File NetworkInterfaces/Ieee80211/Ieee80211Doc.ned

Contains:

//
// Copyright (C) 2006 Andras Varga
//
// This program is free software; you can redistribute it and/or
// modify it under the terms of the GNU General Public License
// as published by the Free Software Foundation; either version 2
// of the License, or (at your option) any later version.
//
// This program is distributed in the hope that it will be useful,
// but WITHOUT ANY WARRANTY; without even the implied warranty of
// MERCHANTABILITY or FITNESS FOR A PARTICULAR PURPOSE.  See the
// GNU General Public License for more details.
//
// You should have received a copy of the GNU General Public License
// along with this program; if not, write to the Free Software
// Foundation, Inc., 59 Temple Place - Suite 330, Boston, MA  02111-1307, USA.
//


//
// @page ieee80211.html, IEEE 802.11 Model
//
// This page provides an overview of the IEEE 802.11 model for the INET Framework.
//
// An IEEE 802.11 interface (NIC) comes in several flavours, differring
// in their role (ad-hoc station, infrastructure mode station, or
// access point) and their level of detail:
//
//  - Ieee80211Nic: a generic (configurable) NIC
//  - Ieee80211NicAdhoc: for ad-hoc mode
//  - Ieee80211NicAP, Ieee80211NicAPSimplified: for use in an access point
//  - Ieee80211NicSTA, Ieee80211NicSTASimplified: for use in an
//    infrastructure-mode station
//
// NICs consist of four layers, which are the following (in top-down order):
//
//  -# agent
//  -# management
//  -# MAC
//  -# physical layer (radio)
//
// <i>The physical layer</i> modules (Ieee80211Radio; with some limitations, 
// SnrEval80211, Decider80211 can also be used) deal with modelling
// transmission and reception of frames. They model the characteristics of
// the radio channel, and determine if a frame was received correctly
// (that is, it did not suffer bit errors due to low signal power or
// interference in the radio channel). Frames received correctly are passed
// up to the MAC. The implementation of these modules is based on the
// Mobility Framework.
//
// <i>The MAC layer</i> (Ieee80211Mac) performs transmission of frames according
// to the CSMA/CA protocol. It receives data and management frames from
// the upper layers, and transmits them.
//
// <i>The management layer</i> performs encapsulation and decapsulation of data packets
// for the MAC, and exchanges management frames via the MAC with its peer
// management entities in other STAs and APs. Beacon, Probe Request/Response,
// Authentication, Association Request/Response etc frames are generated
// and interpreted by management entities, and transmitted/received via
// the MAC layer. During scanning, it is the management entity that periodically
// switches channels, and collects information from received beacons and
// probe responses.
//
// The management layer has several implementations which differ in their role
// (STA/AP/ad-hoc) and level of detail: Ieee80211MgmtAdhoc,
// Ieee80211MgmtAP, Ieee80211MgmtAPSimplified, Ieee80211MgmtSTA,
// Ieee80211MgmtSTASimplified. The ..Simplified ones differ from the others
// in that they do not model the scan-authenticate-associate process,
// so they cannot be used in experiments involving handover.
//
// <i>The agent</i> is what instructs the management layer to perform
// scanning, authentication and association. The management layer itself
// just carries out these commands by performing the scanning, authentication
// and association procedures, and reports back the results to the agent.
//
// The agent layer is currenly only present in the Ieee80211NicSTA NIC module,
// as an Ieee80211AgentSTA module.
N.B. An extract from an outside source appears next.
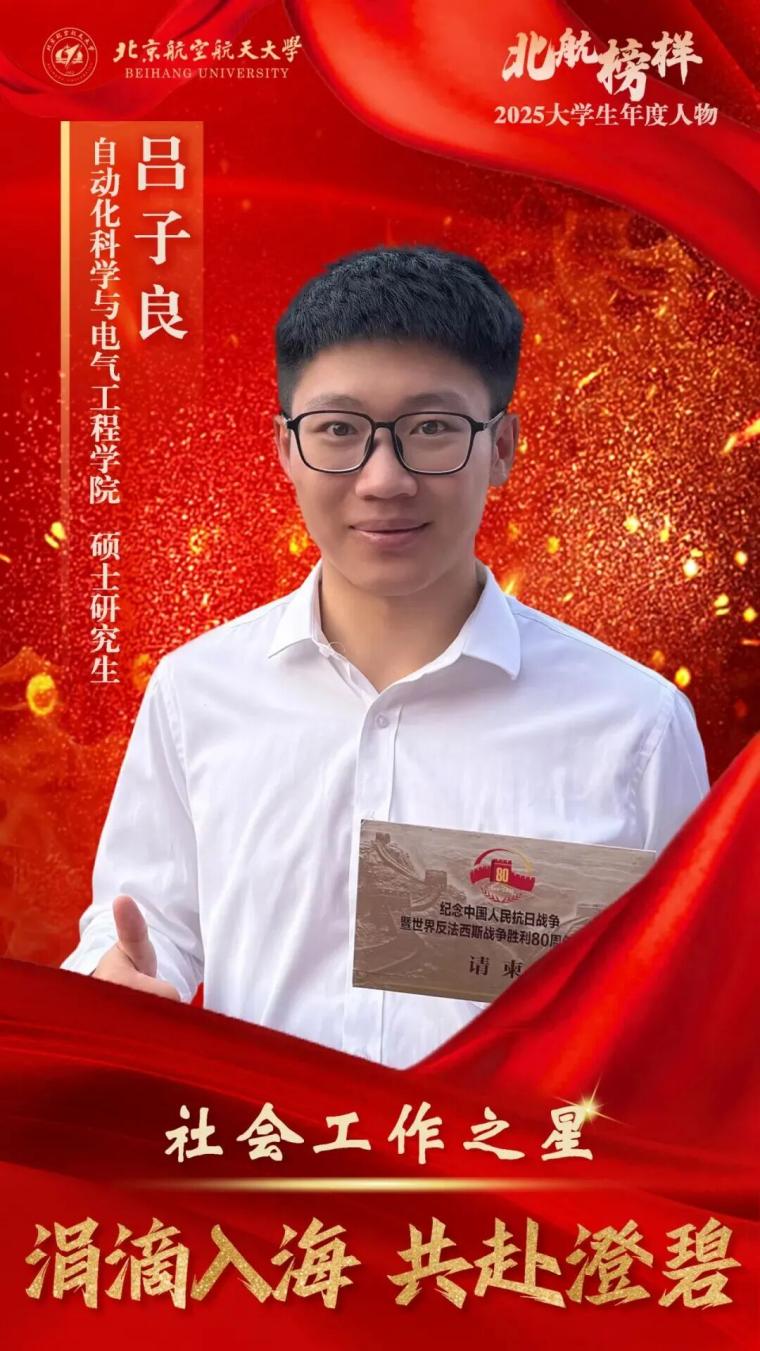 从西部讲台到学联舞台,从班级服务到国家庆典保障,吕子良以“涓滴入海”的奉献精神,在社会工作中践行青年使命。他的经历与成绩,生动诠释了北航青年的抱负与担当,成为广大学子学习的榜样。

The managament entities in other NIC
// variants do not have as much freedom as to need an agent to control them.
//
// By modifying or replacing the agent, one can alter the dynamic behaviour
// of STAs in the network, for example implement different handover strategies.
//
// <b>Limitations</b>
//
// See the documentation of Ieee80211Mac for features unsupported by this
// model.
//
//# further details about the implementation: what is modelled and what is
//# not (beacons, auth, ...), communication between modules, frame formats,
//# ...
//
// <b>Notes</b>
//
// If you are new to 802.11, reading an 
// <a href="http://www.wi-fiplanet.com/tutorials/article.php/1216351" target="_blank">introductory material</a>
// before the IEEE standard can help.